C. analyzing which port router should send data out of, and how many hops it will take to arrive at its destination
D. analyzing every possible path from one LAN to another and choosing the “lowest-cost” path
2. Distance-vector protocols choose routes by ____ ____.
A. analyzing which port router should send data out of, and how many hops it will take to arrive at its destination
B. analyzing every possible path from one LAN to another and choosing the “lowest-cost” path
C. querying a root server that stores optimum paths between networks
D. looking up the path in a manually maintained file known as a “routes file”
3. A(n) _______protocol is a routing protocol used by routers within private WANs.
A. interior gateway
B. exterior gateway
C. wide area routing
D. local area routing
4. ____ _____ is a proprietary Cisco routing protocol that allows up to 255 hops on CIDR networks.
A. Routing Information Protocol Version 2 (RIPv2)
B. Open Shortest Path First (OSPF)
C. Intermediate System–to–Intermediate System (IS-IS)
D. Enhanced Interior Gateway Routing Protocol (EIGRP)
5. ____ ____ is an exterior gateway protocol used to route data across the Internet.
A. Open Shortest Path First (OSPF)
B. Intermediate System–to–Intermediate System (IS-IS)
C. Border Gateway Protocol (BGP)
D. Routing Information Protocol Version 2 (RIPv2)
6. A Transport Layer protocol is connection oriented if it _______.
A. can only transport data to devices to which the sending device is directly connected
B. sends data only along certain manually configured connections
C. transports data only over wired physical media
D. verifies its connection to the remote host before sending any data
7. UDP is used for _______. Select all that apply.
A. exchange of small pieces of information, like DNS name retrieval
B. time-sensitive applications, such as live streaming audio or video
C. transporting web page content over the Internet
D. transporting data files over a network, using technologies such as FTP and FTPS
8. TCP transport should be used instead of UDP transport when _______.
A. speed and continuity of transmission are more important than guaranteed delivery or accuracy of data
B. data accessibility is more important than security of the data transmission
C. security of the data transmission is more important than data accessibility
D. guaranteed delivery and quality of the data is more important than the speed or continuity of the transmission
9. _______ Layer protocols are particularly important to streaming media and conferencing applications because they regulate sustained communication among devices.
A. Session
B. Application
C. Presentation
D. Network
10. In a TCP/IP network, the port number ____ ____.
A. indicates where to connect an input/output for a networked AV system
B. indicates the Application Layer protocol used to generate a data packet
C. provides guaranteed delivery of data to a remote host
D. cannot be assigned or reserved
11. Which of the following ports is used for HTTP traffic?
A. 23
B. 45
C. 80
D. 110
E. 161
Answers
1. D. Link-state protocols choose routes by analyzing every possible path from one LAN to another and choosing the “lowest-cost” path.

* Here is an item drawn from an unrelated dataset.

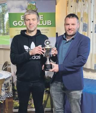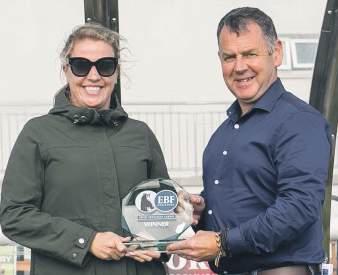 Orrin Burgess is presented with the Michael Moore Car Sales Man of the Match award by Buccaneers President Lorna Stuart Trainor.

2. A. Distance-vector protocols choose routes by analyzing which port router should send data out of, and how many hops it will take to arrive at its destination.
3. A. An interior gateway protocol is a routing protocol used by routers within private WANs.

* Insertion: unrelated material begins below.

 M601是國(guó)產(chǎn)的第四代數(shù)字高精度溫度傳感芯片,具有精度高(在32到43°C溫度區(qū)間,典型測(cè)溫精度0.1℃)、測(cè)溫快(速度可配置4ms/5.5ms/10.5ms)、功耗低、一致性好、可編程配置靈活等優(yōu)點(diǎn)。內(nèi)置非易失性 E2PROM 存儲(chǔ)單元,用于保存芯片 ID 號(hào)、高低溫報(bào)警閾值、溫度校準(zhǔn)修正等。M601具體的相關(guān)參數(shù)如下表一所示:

4. D. Enhanced Interior Gateway Routing Protocol (EIGRP) is a proprietary Cisco routing protocol that allows up to 255 hops on CIDR networks.
5. C. Border Gateway Protocol (BGP) is an exterior gateway protocol used to route data across the Internet.

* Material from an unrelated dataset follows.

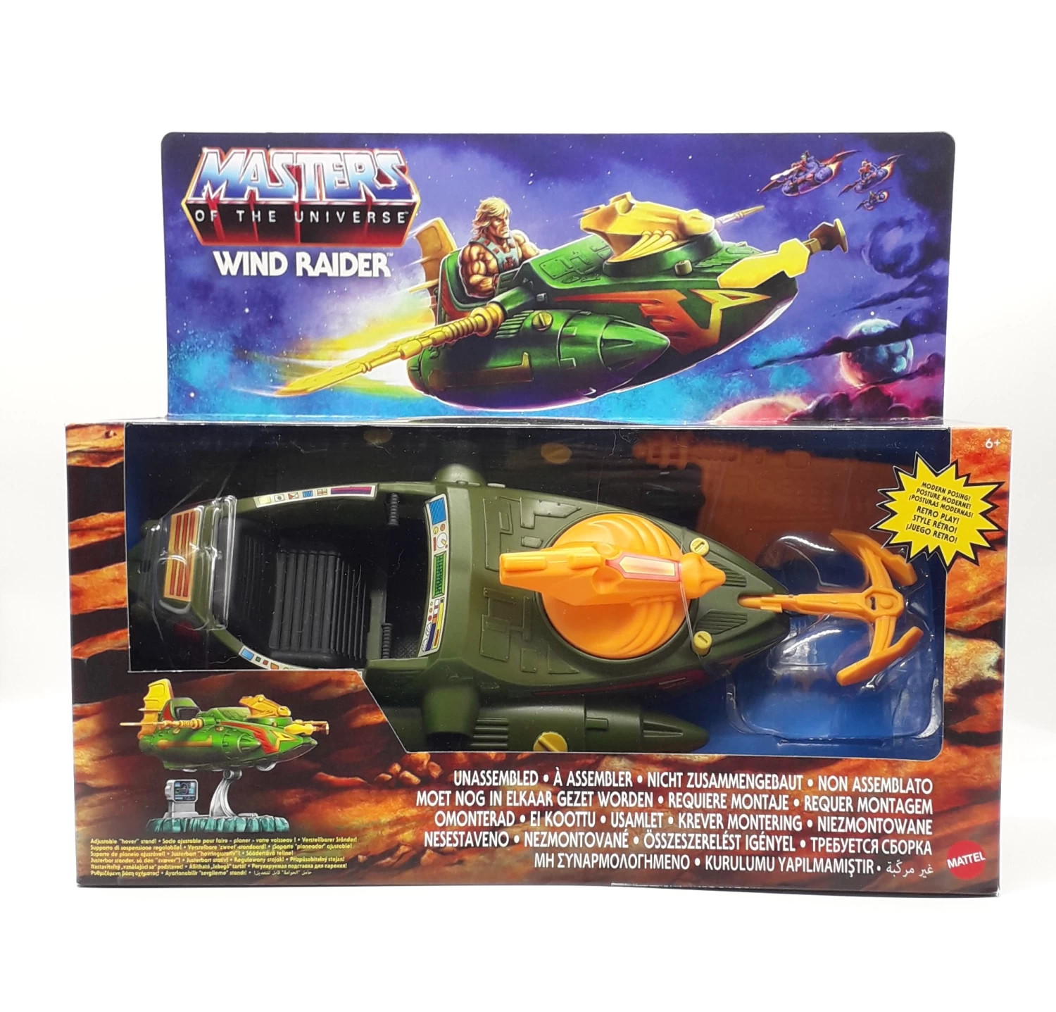 Das Wind Raider-Fahrzeug besitzt tolle Funktionen wie echt rollende Räder, eine schwenkbare Heckflosse und rotierende Flügel sowie einen Abschlepphaken mit einziehbarer Schnur. Zu dem Set gehört auch eine Ausstellungsplattform, die auf Castle Grayskull (separat erhältlich) angebracht wird und das Fahrzeug gleichsam „fliegen lässt! Gestandene Fans werden dieses sorgfältig gestaltete Wind Raider-Fahrzeug lieben, das den Traditionen der Serie treu bleibt und zugleich mit neuen Designdetails aufwartet.

6. D. A Transport Layer protocol is connection oriented if it verifies its connection to the remote host before sending any data.
7. B. UDP is used for time-sensitive applications, such as live streaming audio or video.
8. D. TCP transport should be used instead of UDP transport when guaranteed delivery and quality of the data is more important than the speed or continuity of the transmission.
9. A. Session Layer protocols are particularly important to streaming media and conferencing applications because they regulate sustained communication among devices.
10. B. In a TCP/IP network, the port number indicates the Application Layer protocol used to generate a data packet.
11. C. Port 80 is assigned to HTTP traffic.